Watch: HMS Lancaster heads to Bahrain.

The current Duke of Lancaster is, of course, Queen Elizabeth II, and the title continues to be used for a female monarch, with even a toast in her name when gatherings of Lancastrians within the County Palatine, which is a county in which Royal privileges and exclusive rights of jurisdiction are held by its earl or lord, are known to raise the toast: "The Queen, Duke of Lancaster."

Naming Type 23 frigates, otherwise known as the Duke Class, after the titles of dukes is a Royal Navy convention that began in 1989 with the first of its type, HMS Norfolk, which was later decommissioned and sold to Chile in 2005.
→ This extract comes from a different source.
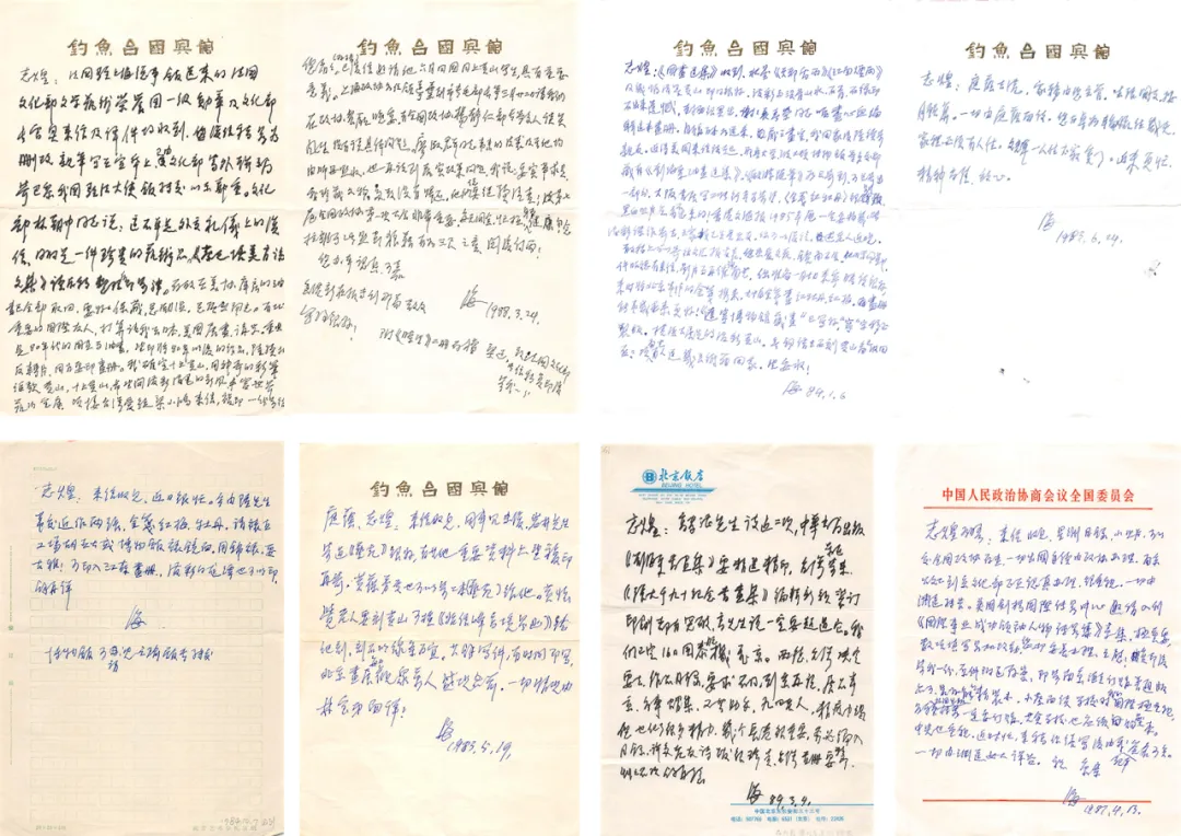 展出的刘海粟致袁志煌信札共五十通,其中连信封二十六通,无信封二十四通。这五十封书信贯穿刘海粟晚年,大多集中书写于二十世纪八十年代,展现了他晚年的艺术追求与生活状态。书信内容涵盖多个领域,既有艺术上的重大事件,也有琐碎的日常事务安排,字里行间满是对袁志煌的认可与倚重。

The 16th Type 23 frigate, HMS St Albans, was commissioned in 2002.

HMS Lancaster, one of 12 Type 23 frigates in the Royal Navy fleet, joined the Royal Navy fleet in 1992 after she was launched by Queen Elizabeth II in 1990 and, as the Duke of Lancaster title is a subsidiary title of the Sovereign, the ship became known as the Queen's Frigate.

The Queen may have a particularly special relationship with HMS Lancaster as the Duke of Lancaster but it is important to note that Her Majesty, as Sovereign, is the head of the Armed Forces.

She holds the rank of Commander-in-Chief of all of the United Kingdom's Armed Forces and holds numerous military appointments and honorary ranks, including Colonel-in-Chief of many regiments, Air-Commodore-in-Chief of several branches of the Royal Air Force and other titles such as Royal Honorary Air Commodore and Master of the Merchant Navy and Fishing Fleets.

In particular, as the Duke of Lancaster, she holds the rank of Colonel-in-Chief of the Duke of Lancaster's Regiment, a regiment historically known as The Lions of England.